### TASK INSTRUCTIONS
Within the lines below, the span from the line with "Create a cinematic" to the line with "В квартире вып", both ends included, is to be reproduced exactly, with pictures omitted.

### THE INPUT
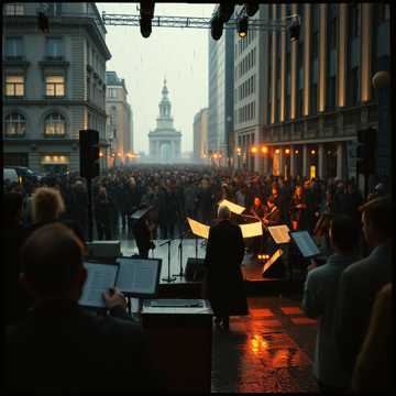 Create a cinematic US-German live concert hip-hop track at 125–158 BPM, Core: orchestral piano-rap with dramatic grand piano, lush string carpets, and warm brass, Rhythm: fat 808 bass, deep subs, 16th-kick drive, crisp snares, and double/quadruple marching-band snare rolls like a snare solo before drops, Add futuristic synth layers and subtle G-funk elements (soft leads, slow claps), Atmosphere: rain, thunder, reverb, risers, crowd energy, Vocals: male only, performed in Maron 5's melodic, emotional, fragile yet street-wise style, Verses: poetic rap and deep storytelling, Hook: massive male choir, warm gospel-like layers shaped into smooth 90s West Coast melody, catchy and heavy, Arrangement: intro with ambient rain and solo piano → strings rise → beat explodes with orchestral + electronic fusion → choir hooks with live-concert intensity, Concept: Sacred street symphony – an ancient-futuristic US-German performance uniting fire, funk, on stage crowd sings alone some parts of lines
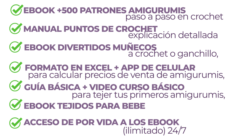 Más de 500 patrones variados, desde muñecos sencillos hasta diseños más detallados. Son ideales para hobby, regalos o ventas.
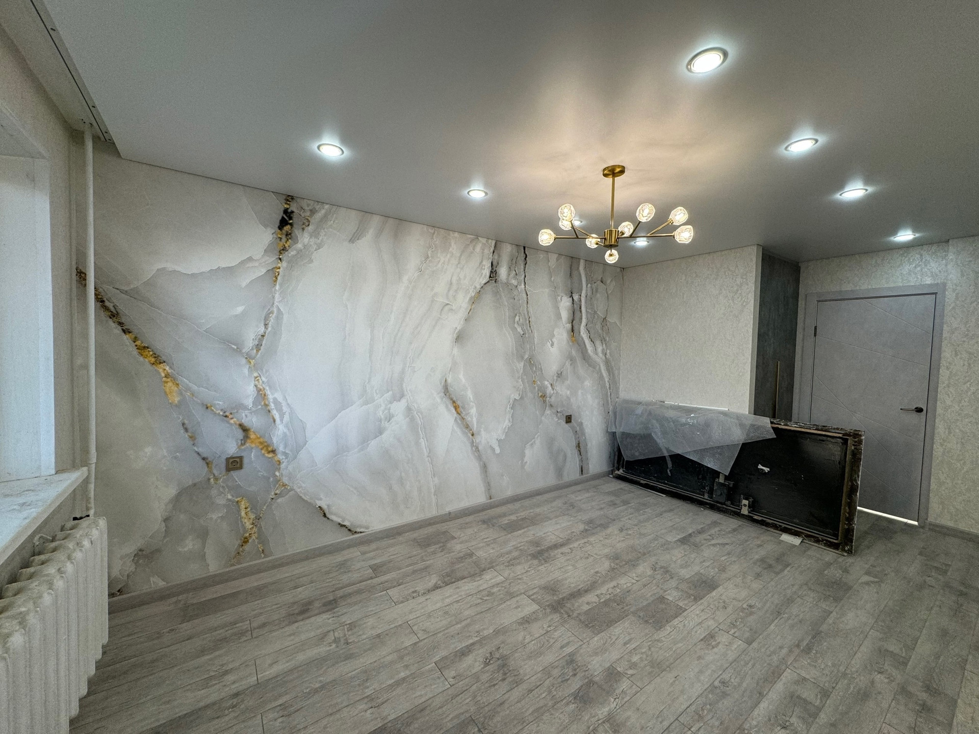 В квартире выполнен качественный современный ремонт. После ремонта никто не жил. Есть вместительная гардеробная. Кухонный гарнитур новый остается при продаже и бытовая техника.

---

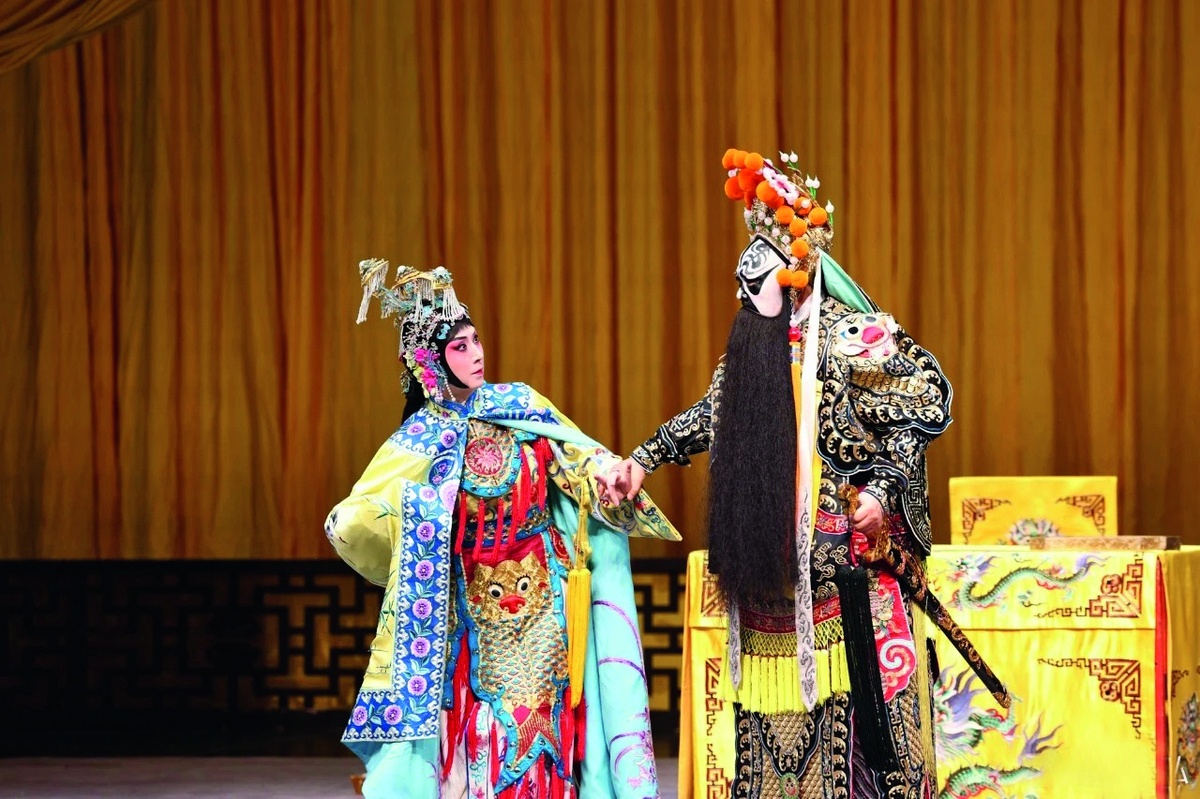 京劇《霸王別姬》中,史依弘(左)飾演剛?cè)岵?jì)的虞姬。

--

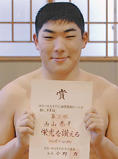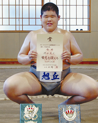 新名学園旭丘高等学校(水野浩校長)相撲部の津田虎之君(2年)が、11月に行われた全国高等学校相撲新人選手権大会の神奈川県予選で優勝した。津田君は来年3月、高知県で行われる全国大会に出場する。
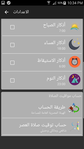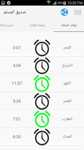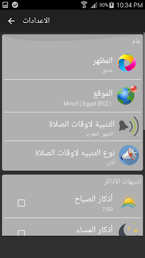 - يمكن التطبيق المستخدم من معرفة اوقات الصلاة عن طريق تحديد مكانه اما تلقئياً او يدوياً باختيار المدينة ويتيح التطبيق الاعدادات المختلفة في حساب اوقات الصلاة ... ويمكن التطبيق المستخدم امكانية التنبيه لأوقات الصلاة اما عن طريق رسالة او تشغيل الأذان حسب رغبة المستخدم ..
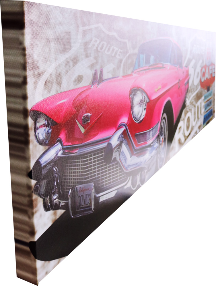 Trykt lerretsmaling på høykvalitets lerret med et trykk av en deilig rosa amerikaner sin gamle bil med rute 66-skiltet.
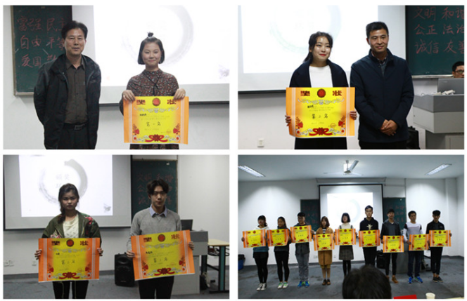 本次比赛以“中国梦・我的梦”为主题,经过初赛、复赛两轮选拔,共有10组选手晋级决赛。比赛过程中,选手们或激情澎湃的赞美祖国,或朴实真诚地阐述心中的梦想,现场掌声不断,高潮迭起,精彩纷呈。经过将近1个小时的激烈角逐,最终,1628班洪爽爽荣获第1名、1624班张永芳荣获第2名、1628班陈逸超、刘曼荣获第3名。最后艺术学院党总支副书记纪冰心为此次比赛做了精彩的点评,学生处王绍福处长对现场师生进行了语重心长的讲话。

### TASK SOLUTION
 Create a cinematic US-German live concert hip-hop track at 125–158 BPM, Core: orchestral piano-rap with dramatic grand piano, lush string carpets, and warm brass, Rhythm: fat 808 bass, deep subs, 16th-kick drive, crisp snares, and double/quadruple marching-band snare rolls like a snare solo before drops, Add futuristic synth layers and subtle G-funk elements (soft leads, slow claps), Atmosphere: rain, thunder, reverb, risers, crowd energy, Vocals: male only, performed in Maron 5's melodic, emotional, fragile yet street-wise style, Verses: poetic rap and deep storytelling, Hook: massive male choir, warm gospel-like layers shaped into smooth 90s West Coast melody, catchy and heavy, Arrangement: intro with ambient rain and solo piano → strings rise → beat explodes with orchestral + electronic fusion → choir hooks with live-concert intensity, Concept: Sacred street symphony – an ancient-futuristic US-German performance uniting fire, funk, on stage crowd sings alone some parts of lines
 Más de 500 patrones variados, desde muñecos sencillos hasta diseños más detallados. Son ideales para hobby, regalos o ventas.
 В квартире выполнен качественный современный ремонт. После ремонта никто не жил. Есть вместительная гардеробная. Кухонный гарнитур новый остается при продаже и бытовая техника.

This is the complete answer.